INPUT DATA →
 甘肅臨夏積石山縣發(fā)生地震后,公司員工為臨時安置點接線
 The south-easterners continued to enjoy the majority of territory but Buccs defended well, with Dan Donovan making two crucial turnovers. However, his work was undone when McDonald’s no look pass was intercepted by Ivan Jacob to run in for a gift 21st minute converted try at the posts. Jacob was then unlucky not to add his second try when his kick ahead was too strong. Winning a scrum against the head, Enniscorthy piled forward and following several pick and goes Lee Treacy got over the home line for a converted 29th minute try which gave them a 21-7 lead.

* * *

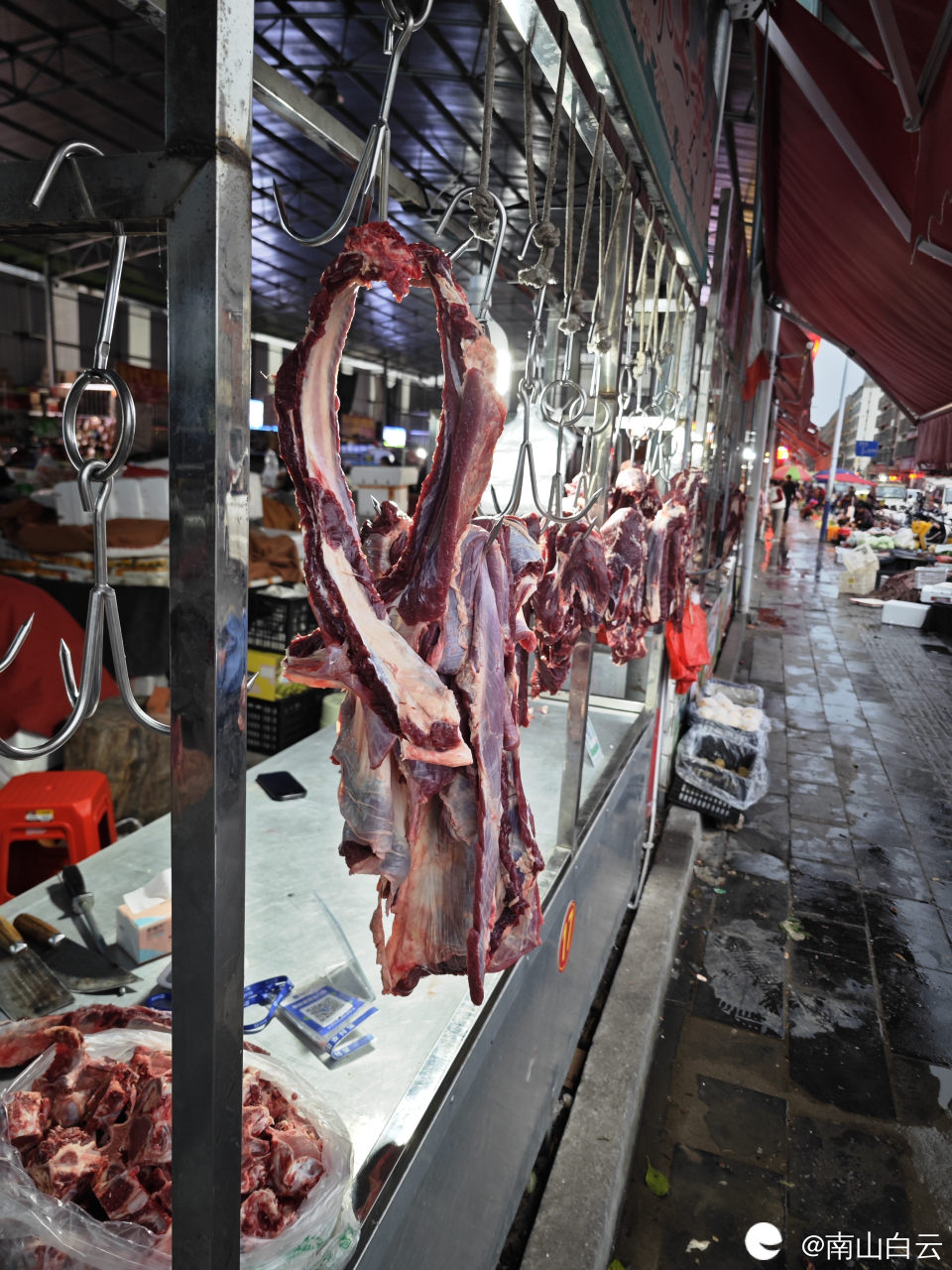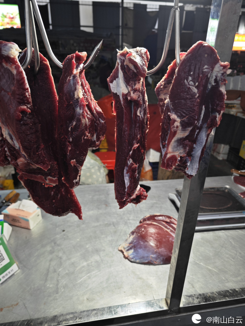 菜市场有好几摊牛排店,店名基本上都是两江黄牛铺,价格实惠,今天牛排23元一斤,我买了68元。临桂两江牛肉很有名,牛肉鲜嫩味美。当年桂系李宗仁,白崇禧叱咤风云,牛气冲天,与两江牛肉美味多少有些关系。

--

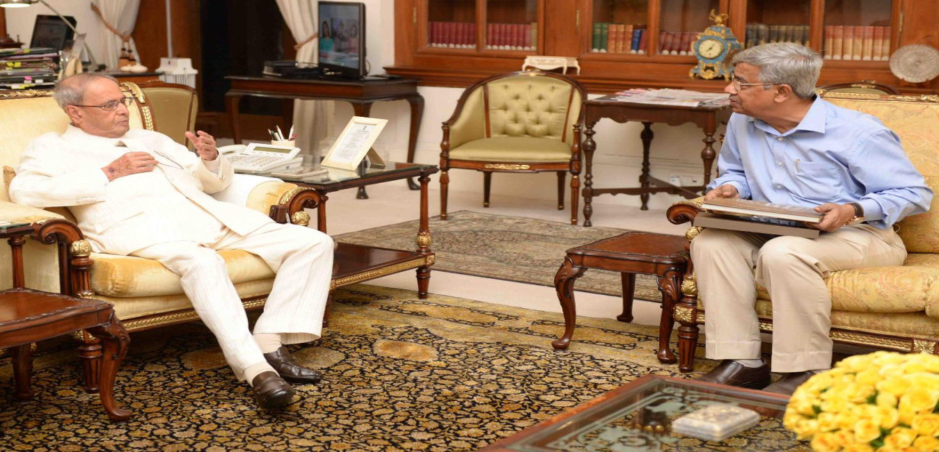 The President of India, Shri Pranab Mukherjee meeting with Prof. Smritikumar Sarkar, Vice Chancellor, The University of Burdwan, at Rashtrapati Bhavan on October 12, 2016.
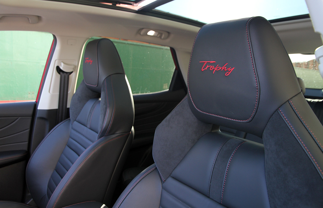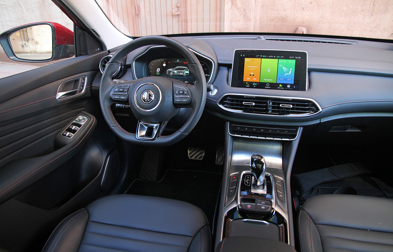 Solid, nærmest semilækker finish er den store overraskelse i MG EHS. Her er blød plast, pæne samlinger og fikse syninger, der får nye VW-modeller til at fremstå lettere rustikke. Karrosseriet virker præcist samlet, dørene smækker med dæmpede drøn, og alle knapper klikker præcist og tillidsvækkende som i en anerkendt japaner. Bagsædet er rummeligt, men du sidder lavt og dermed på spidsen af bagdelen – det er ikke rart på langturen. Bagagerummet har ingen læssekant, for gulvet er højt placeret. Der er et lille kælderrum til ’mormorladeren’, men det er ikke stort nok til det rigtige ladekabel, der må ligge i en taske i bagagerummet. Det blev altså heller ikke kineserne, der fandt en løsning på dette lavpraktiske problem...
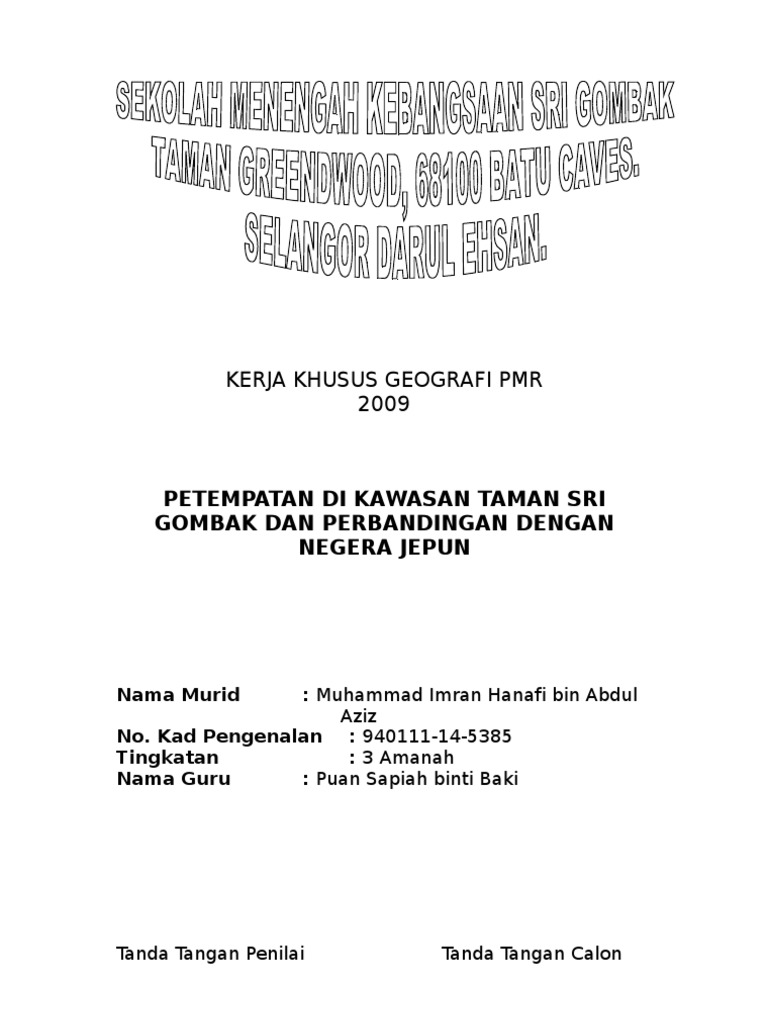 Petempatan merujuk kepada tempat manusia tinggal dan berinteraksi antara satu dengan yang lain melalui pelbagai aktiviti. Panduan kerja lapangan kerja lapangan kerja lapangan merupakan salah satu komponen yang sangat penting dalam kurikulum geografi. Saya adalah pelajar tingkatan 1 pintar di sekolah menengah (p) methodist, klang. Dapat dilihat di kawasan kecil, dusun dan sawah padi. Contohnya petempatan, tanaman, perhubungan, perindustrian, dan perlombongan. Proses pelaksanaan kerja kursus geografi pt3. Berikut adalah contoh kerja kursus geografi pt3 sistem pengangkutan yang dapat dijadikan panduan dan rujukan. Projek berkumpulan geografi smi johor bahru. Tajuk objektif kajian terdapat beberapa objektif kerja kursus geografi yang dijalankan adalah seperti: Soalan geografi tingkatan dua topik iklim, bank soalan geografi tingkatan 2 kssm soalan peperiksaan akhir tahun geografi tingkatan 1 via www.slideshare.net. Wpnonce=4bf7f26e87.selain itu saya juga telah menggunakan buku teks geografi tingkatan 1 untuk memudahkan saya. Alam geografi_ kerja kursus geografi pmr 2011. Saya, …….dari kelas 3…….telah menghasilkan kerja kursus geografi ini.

DIRECTIONS FOR THIS TASK → All that is wanted is the stretch of lines above from the one containing "甘肅臨夏積石山縣發(fā)生地震后,公司員工為臨時安置點接線" through the one containing "The south-easterners continued", duplicated exactly.

RESPONSE TO THIS EXERCISE →
 甘肅臨夏積石山縣發(fā)生地震后,公司員工為臨時安置點接線
 The south-easterners continued to enjoy the majority of territory but Buccs defended well, with Dan Donovan making two crucial turnovers. However, his work was undone when McDonald’s no look pass was intercepted by Ivan Jacob to run in for a gift 21st minute converted try at the posts. Jacob was then unlucky not to add his second try when his kick ahead was too strong. Winning a scrum against the head, Enniscorthy piled forward and following several pick and goes Lee Treacy got over the home line for a converted 29th minute try which gave them a 21-7 lead.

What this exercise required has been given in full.